My friend's birthday

It was my friend's birthday yesterday. I haven't seen her in years but I remember June 15th is her birthday. I met my friend in Korea; she was a local university student and my co-teacher. Though we were limited in our language communication, she became someone I felt completely at ease with, and I consider her one of my closest friends.

Other foreigners had mentioned experiences of feeling left out of Korean culture, that they weren't a true part of their schools or communities.

I was lucky, my friend opened her entire world to me.

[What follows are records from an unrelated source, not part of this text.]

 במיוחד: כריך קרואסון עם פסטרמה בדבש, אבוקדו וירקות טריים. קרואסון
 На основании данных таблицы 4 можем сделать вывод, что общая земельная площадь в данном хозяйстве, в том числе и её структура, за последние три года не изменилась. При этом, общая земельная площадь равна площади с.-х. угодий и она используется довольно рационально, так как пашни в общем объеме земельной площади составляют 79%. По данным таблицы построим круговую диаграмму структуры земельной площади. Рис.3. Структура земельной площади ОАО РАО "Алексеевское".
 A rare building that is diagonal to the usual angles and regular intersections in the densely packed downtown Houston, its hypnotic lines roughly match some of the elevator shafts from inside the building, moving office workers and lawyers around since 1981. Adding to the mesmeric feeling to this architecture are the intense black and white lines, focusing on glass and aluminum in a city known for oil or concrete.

Being away from home during the holidays is a difficult time for most of us. The lunar new year is possibly the most celebrated day in Asia, and during this holiday, my friend invited me to her grandmother's, where their entire extended family was gathered. Nobody spoke English. But they welcomed me and though I barely said anything, I was enfolded into the family atmosphere. I was allowed to be part of those intimate moments that mark each family - eating meals, making kimchi, going for a seaside walk, sleeping on the floor with her cousins. There is something incredibly kind about opening up the private family life to an outsider.

We reached this comfort level not only through revealing conversations, of which we had many, but also by going through small life activities together - bus rides, ice creams, lunches, dinners, board games, language groups.

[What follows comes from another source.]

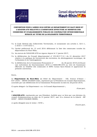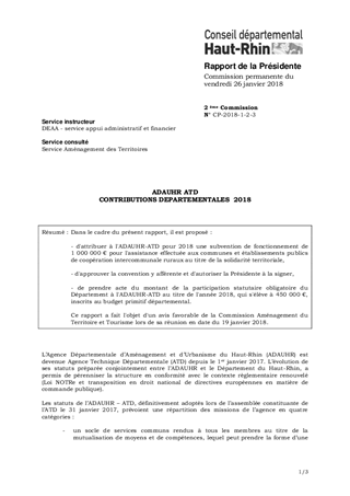 Dans le cadre du présent rapport, il est proposé : - d'attribuer à l'ADAUHR-ATD pour 2018 une subvention de fonctionnement de 1 000 000 € pour l'assistance effectuée aux communes et établissements publics de coopération intercommunale ruraux au titre de la solidarité territoriale, - d'approuver la convention y afférente et d'autoriser la Présidente à la signer, - de prendre acte du montant de la participation statutaire obligatoire du Département à l'ADAUHR-ATD au titre de l'année 2018, qui s'élève à 450 000 €, inscrits au budget primitif départemental. Ce rapport a fait l'objet d'un avis favorable de la Commission Aménagement du Territoire et Tourisme lors de sa réunion en date du 19 janvier 2018.

In recent years, it seems like we are perpetually catching up with friends, we see each other sporadically and infrequently. When we do meet up, we can feel compelled to fully fill the whole time, to squeeze the most out of the escaping time with this person. We forget what it's like to sometimes just be, to talk about mundane things, to spontaneously visit each other and lounge around, to have moments of nothing, with no aim, other than to be in each others' presence.